Nein, das reicht leider nicht.
Habe es getestet aber er startet leider normal mit Windows.
Ich hänge nochmal alle Bios-Bilder an, vielleicht übersehe ich ja was.


----------



## sheel (8. Juni 2016)

Also...
a) SecureBoot ist noch nicht aus.
b) Der "Mode" ist noch nicht custom
c) Was mir gerade auch noch eingefallen ist, "FastBoot" im dritten Bild muss aus
d) ...und CSM ein

(Das Secureboot-Zeug soll ein Schutz sein, der aber nur im Zusammenhang mit
Festplattenverschlüsselung nützlich ist. Sonst einfach nur lästig, wie du grad selber merkst)

Das sollte hoffentlich reichen, um die CD auswählbar zu haben.

Falls es geholfen hat, und nachdem das Passwort repariert ist:
Nur Fastboot wieder einzuschalten hat irgendeinen Mehrwert, der Rest kann aus bleiben (außer es ist eine bestimmte Art von Festplattenverschlüsselung im Einsatz und/oder Windows will so nicht starten)

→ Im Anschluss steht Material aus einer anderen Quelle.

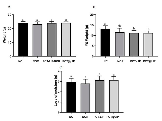 In vivo toxicity study in terms of chicken embryo weight (A), YS weight (B) and loss of moisture (C), in chicken embryos after treatment with norfloxacin (20 μg/mL) or formulations containing 20 μg/mL NOR. NC = negative control, NOR = 20 μg/mL norfloxacin solution, PCT-LIP = liposome encapsulating NOR (20 μg/mL) blended with pectin solution and PCT@LIP = pectin-liposome formulation containing NOR (20 μg/mL), n = 10. Different letters indicate significant difference (p < 0.05) and values are expressed as mean ± SEM (One-way ANOVA followed by Tukey test).
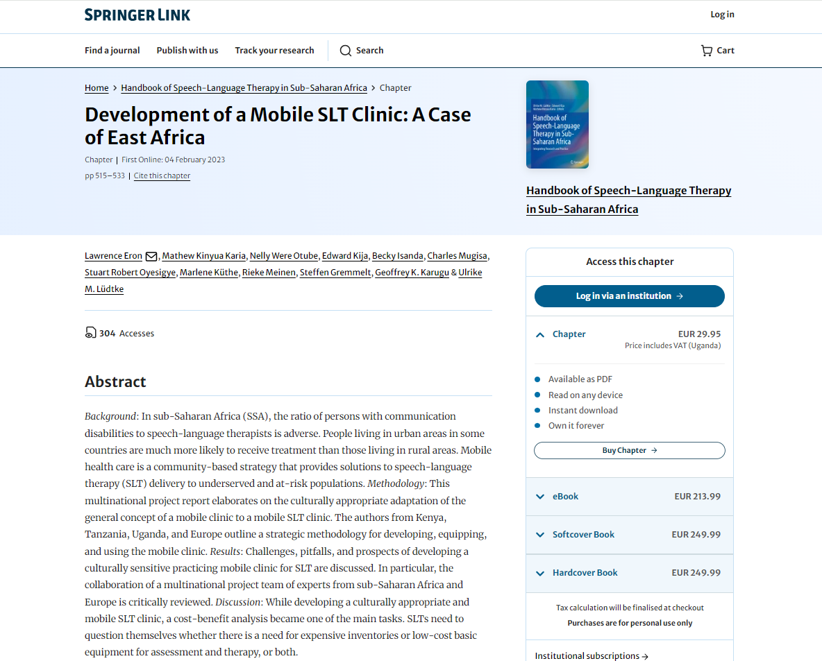 Eron, L. et al. (2023). Development of a Mobile SLT Clinic: A Case of East Africa. In: Lüdtke, U.M., Kija, E., Karia, M.K. (eds) Handbook of Speech-Language Therapy in Sub-Saharan Africa. Springer, Cham. https://doi.org/10.1007/978-3-031-04504-2_25

Falls es noch nicht geholfen hat ... ich bin mir grad nicht sicher, ob die aktuelle Zusammenstellung der BootCD überhaupt EFI unterstützt. Kannst du mit den beschriebenen Einstellungen eine Ubuntu-DVD booten (im Livemodus)? (Ubuntu deswegen weil es bis jetzt am besten mit Secureboot zurechtkommt). Wenn das geht, Internetverbindung herstrellen, "apt-get update", "apt-get install chntpw": Dann hat man das Kernprogramm von der anderen CD auch. "man chntpw" für eine Anleitung.

PS: EFI Seufz ... Mit den alten BIOSen war das Booten eine Sache von "CD rein und einschalten" ...


----------